A documentation prototype for next generation messaging

Core concepts

  • Interoperability
    • A general messaging interface for messaging systems, not just email. Twitter, facebook, et al. should be optional means for messaging.
    • Backwards compatible with email.
  • Messages and calendar events are one in the same.
    • Time has proven that email and calendar need to consistently work together, so why should their particles be different things?
  • Supports the sending of HTML5 content.
  • Possibility for a commercial standard in addition to open standard, just as Twitter is the commercial standard for tweets.
  • Streams as subscribable endpoints
    • Replaces the awkwardness of periodical emails.
    • Vendors can write periodicals to streams, which users can attach (subscribe) to or detach (unsubscribe) from.

Syntax

Slashes (/) are used for separating a user from the domain, just as email separates with an @.

  • to: john/example.com
  • to: jane.doe/example.com
  • to: alex-miller/example.com

For the commercial standard, user could use extensionless domains

  • to: john/example
  • to: jane.doe/example
  • to: alex-miller/example
  • The owner of example.com would need to successfully register "example" as a domain in the commercial application.
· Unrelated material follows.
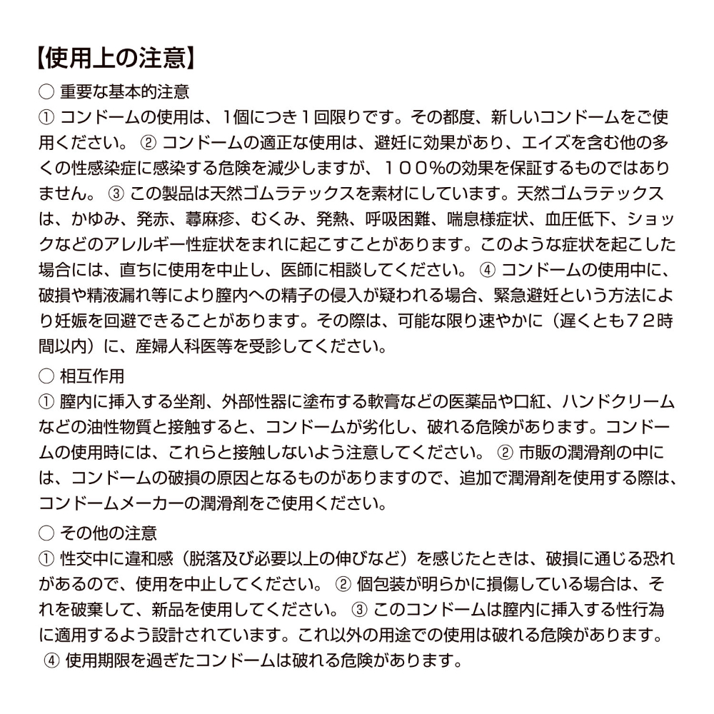 天然ゴムラテックス素材のナチュラルタイプ・コンドームです。程よいサイズ感で多くの男性にフィットします。この製品は日本国内で製造されています、安心してお使いください。コンドームの装着は大人の男のマナーです。使用方法を守って、正しくお使いください。
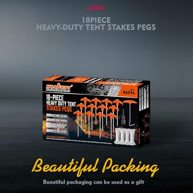 HORUSDY Tent Stakes Heavy Duty, 18-Pack 8.07 Inch Tent Stakes with with 4x13ft Rope & 1 Stopper T Pull Hook

3rd party non-email messaging systems tap into the "@" prefix

  • to: @username/twitter.com
  • Default domains can be set via client app to omit the domain
    • to: @username

Message Types

Example Subject Email Type Email Meta Keyword
"Hi, Sweetie" Message None, default
"Charity News Weekly" Periodical periodical
"Confirm your registration" Account-Website Handshake handshake
"Payment Accepted" Read-only notification notification
"Note to self" Personal note, file, or snippet sent to self to be saved or transfered between devices storage

How this is solved

<meta 
  name="email-handshake" 
  content="
    description: 'Please confirm your account with Lab95', 
    url: 'http://lab95.com/confirm/SX29Sfd948dfjWss301LK'
  "
>
<!-- Optional -->
<meta name="email-meta-version" content="0.9.0">

With a simple tag denoting the type of email, email programs can sort by this universal protocol. Read-only messages can be put in little dialogue boxes. Periodicals can be grouped into newsstand organizers. It's really up to the email client.

Why would anyone do this?

  • Better for senders
  • Better for users
  • Backwards compatible
  • Unobtrusive
  • Pretty cool implications (below)

Greater visibility is a collary of better organization. A sender including this meta tag isn't necessary, but would move their message into the user's field of relevance. And, of course, it's better for the user that emails are put into context. Instead of relying on an email program that "sniffs" the content of the email to guess a proper category, each message can register itself to the right place. Because this is valid usage of HTML meta data, it's unobtrusive and shows itself only to the discretion of the email client.

Potential User Experience Improvements

Here are some ideas for ways email clients could take advantage of the syntax:

periodicals can be set to automatically archive all but the last unread.

Emailing a photo to oneself could automatically be sent to a companion online storage folder, instead of mixed in with other messages and junk mail.

handshake emails could prompt desktop clients to open a UI element such as a Growl message to take the user right to the confirmation page. No need to check the email itself

Different types can be sorted into respective feeds. This means you can read through all your periodicals on the subway, your messages at work, and clear all notifications at once.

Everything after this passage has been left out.